Problem description: Print out the data below in full and exactly, skipping the pictures.

Information shown:
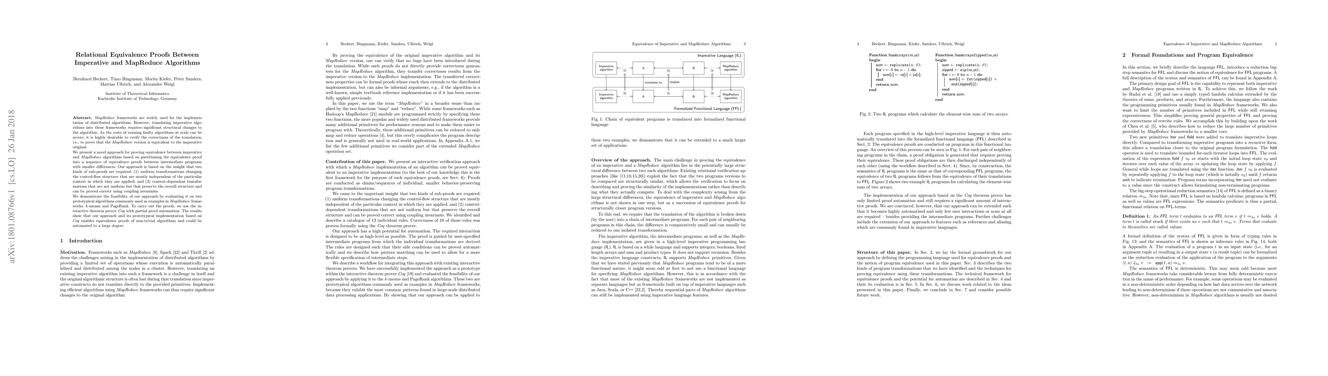 This paper presents a novel method for proving equivalence between imperative algorithms and their MapReduce implementations by breaking down the proof into smaller, manageable parts. The approach uses uniform and context-dependent transformations, verified through coupling invariants, and demonstrates feasibility on k-means and PageRank algorithms using Coq.
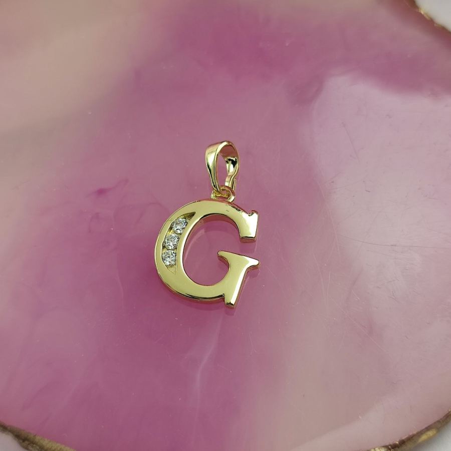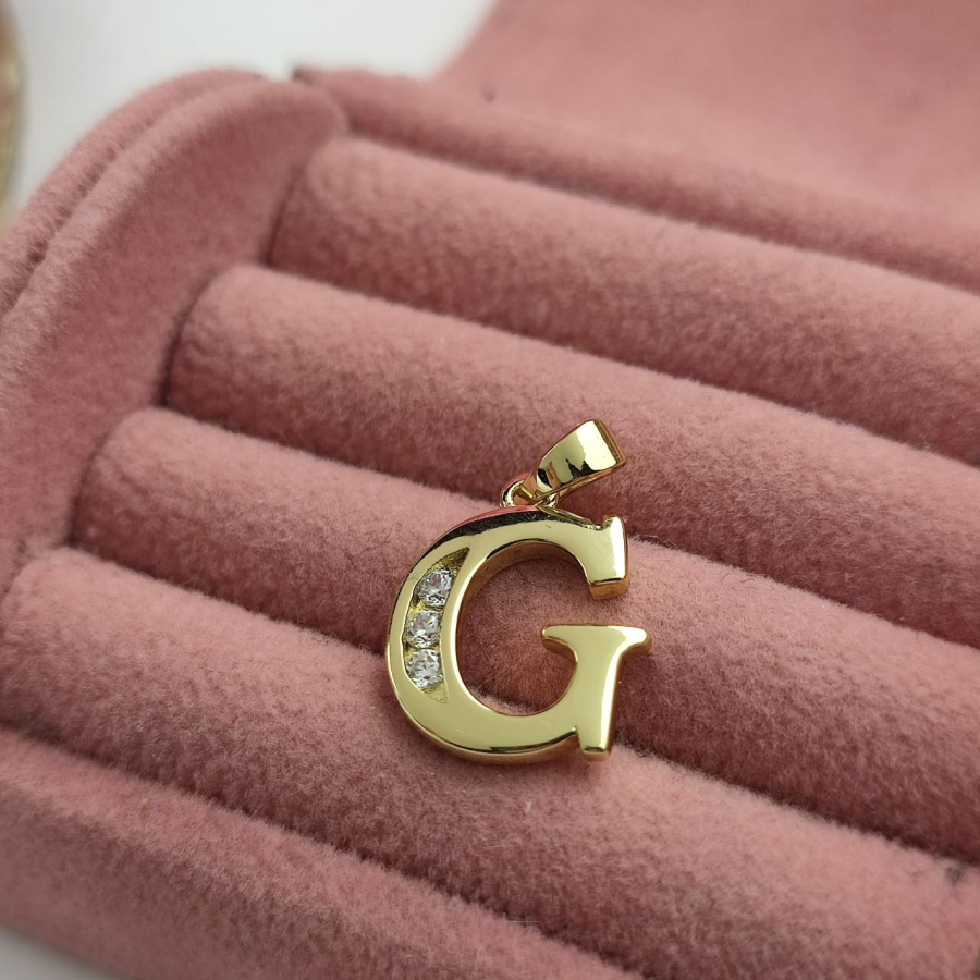 Zawieszka literka G duża cyrkonie luxury 14 k
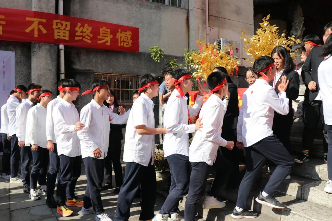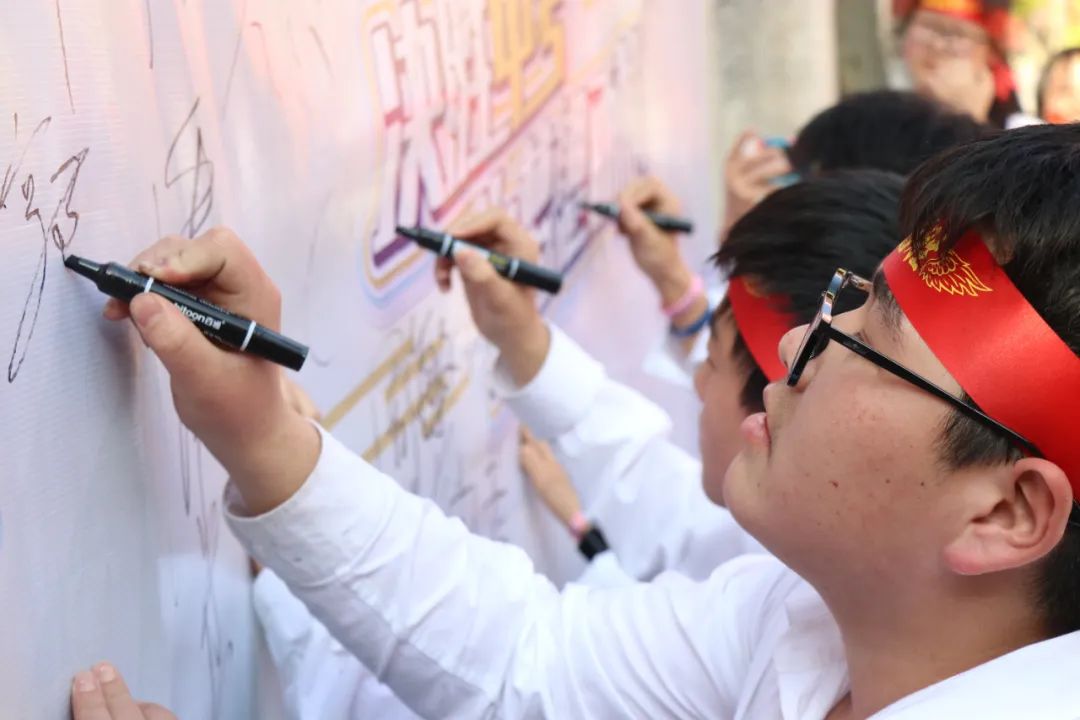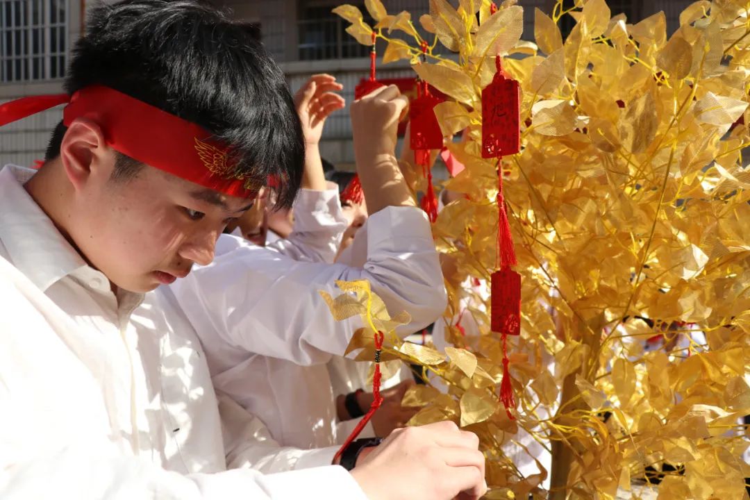 學(xué)子們與老師們相互擊掌,將寫有自己祝福許愿牌掛在許愿樹上,寓意6月高中。

Exercise answer:
 This paper presents a novel method for proving equivalence between imperative algorithms and their MapReduce implementations by breaking down the proof into smaller, manageable parts. The approach uses uniform and context-dependent transformations, verified through coupling invariants, and demonstrates feasibility on k-means and PageRank algorithms using Coq.
 Zawieszka literka G duża cyrkonie luxury 14 k
 學(xué)子們與老師們相互擊掌,將寫有自己祝福許愿牌掛在許愿樹上,寓意6月高中。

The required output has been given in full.